In Rain, what each participant knows about the context he/she is visiting comes from the stories and readings provided by the works and ideas of the participant artists. This may arouse misunderstanding; still, we should not think of it as a failure in communication, leading to non-objective generalizations, but rather as a desirable point of strength and exchange, since it generates so much certainty and intensity.
The possibility of an encounter with guest artists channels a desire to tell stories, in the hope of finding in the other a likeness that we can recognize as something familiar; a likeness that will enable us to weave a net of associations and meanings that may not only shape up and strengthen our individual efforts but also challenge and question them.

This particular text started by describing a phenomenon that accounted for a failure in communication. It seemed then that there was a compelling need to articulate proposals aiming to avoid the consequences resulting from inaccuracy in the course of an exchange of knowledge. However, there seems to be an exception to the syndrome: when it comes to articulating an exchange of thought in the field of art, perhaps gestures, skin, and body, with their particular contingency and special characteristics, will overcome syntactic logic and succeed in communicating the only thing that can be truly communicated. After all, perhaps murmullos chinos are not merely a children’s game.

 

Claudia Fontes
Brighton, May 2003

Translation: Marta Castillo

 

 

(1)
The title refers to the game described in the first paragraph of this paper ( T.N.)

(2)
Laddaga, Reinaldo, closing debate to the "Networks, contexts, territories" Cycle, Goethe Institut, Buenos Aires, November 2001

(3)
De Sagastizábal, Tulio.

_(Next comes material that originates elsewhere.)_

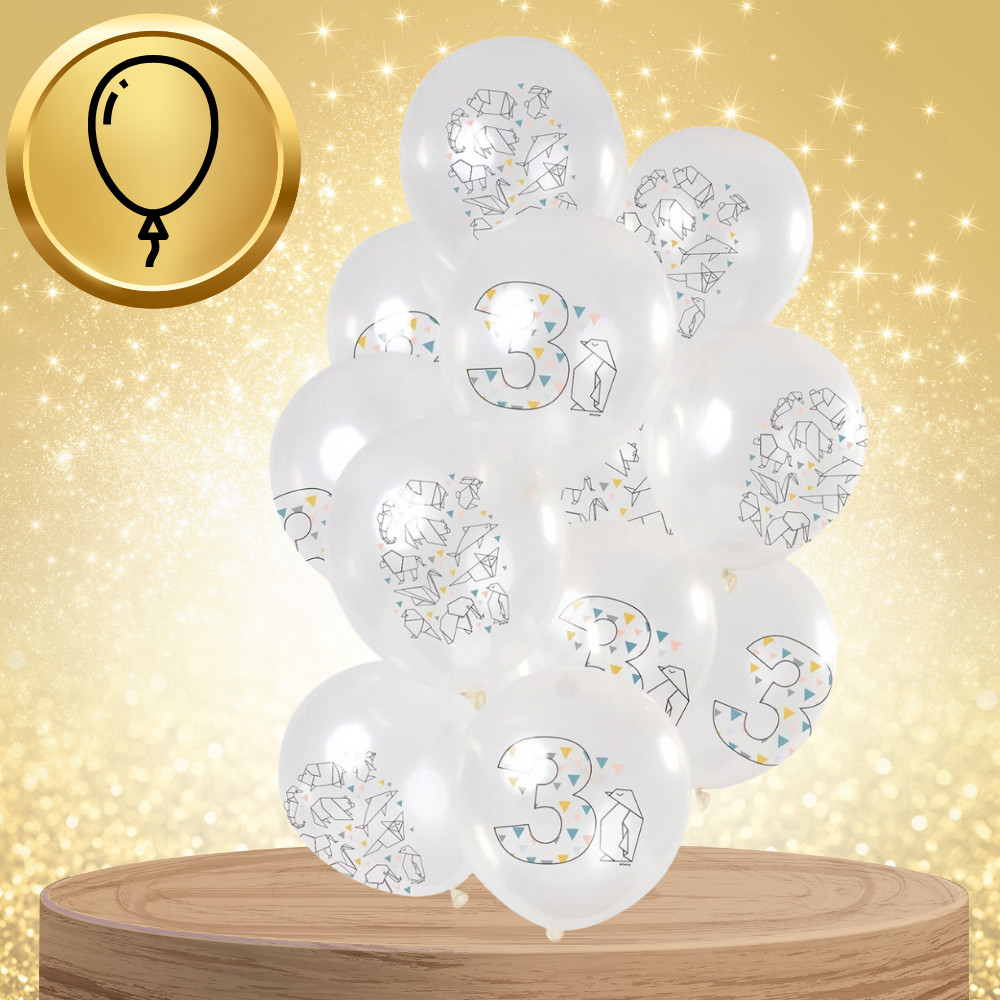 Nagy átlátszó lufik origamival és 3-as számmal, 12 db, fehér
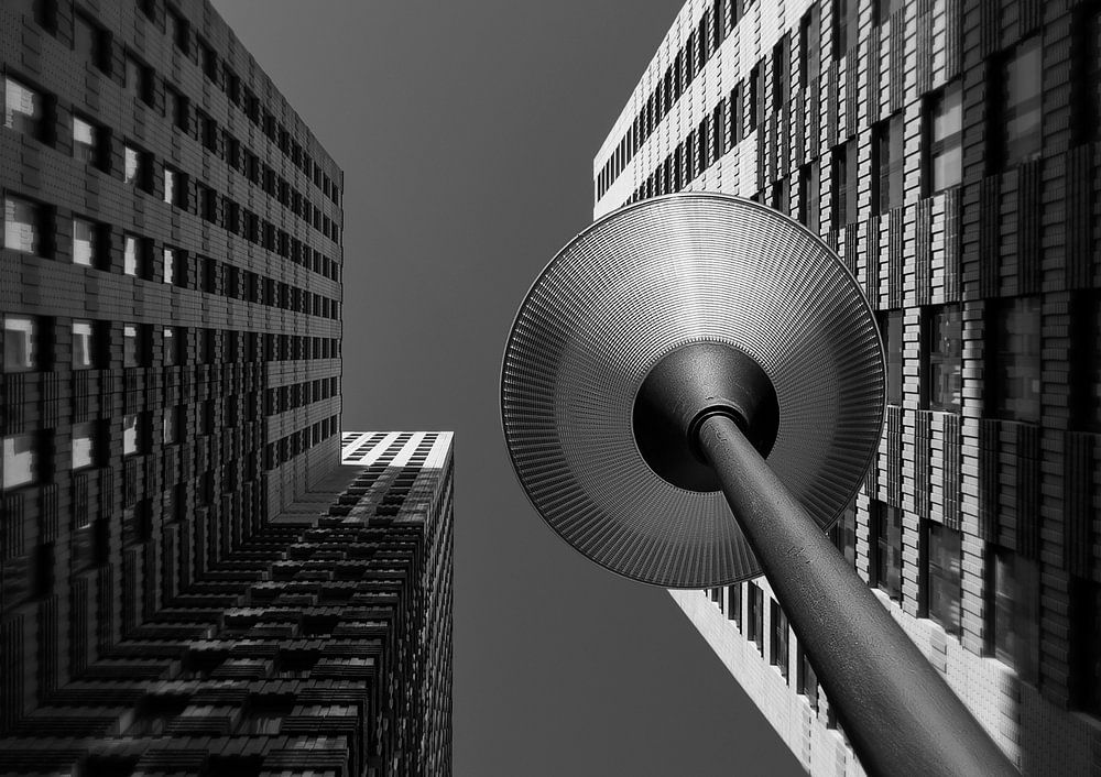Schwarz-Weiß-Fotografie. Architekturfotografie eines Gebäudes an der Zuidas in Amsterdam. Das Foto wurde senkrecht nach oben aufgenommen, mit einem Lichtmast im Vordergrund.

From a series of talks, "Nuestra crisis, ¿ está en crisis?" – Alianza Francesa de Buenos Aires, April 2002
www.elbasilisco.com.ar

(4)
On the notion of parody in Argentinean contemporary art, see Ramírez, Mari Carmen; Pacheco, Marcelo; Giunta, Andrea – Cantos Paralelos: La Parodia Plástica en el Arte Argentino Contemporáneo-Blanton Museum of Art, 1999.

(5)
Buenos Aires, main port and federal capital of our country, has been the centre and reference hub for the provinces ever since colonial times. Tucumán is one of the poorest provinces in the North-west, but it has a most enthusiastic number of young artists. Trama has organized activities in Buenos Aires with the participation of artists from Tucumán, and in Tucumán with the participation of artists from Buenos Aires.

(6)
Pereira’s tattoos have never been made public before and, so far, their existence is known only because it goes the rounds, or because the artist bares his back at a private meeting.

(7)
Chakravorty Spivak, Gayatri; Outside in the Teaching Machine, Chapter 9: The politics of translation, pp. 180-181 – Routledge, New York, 1993.

(8)
For further information about the Punto de Vista experience.

(9)
Kroeber, Karl; Retelling/Rereading - Rutgers University Press, New Jersey, 1992.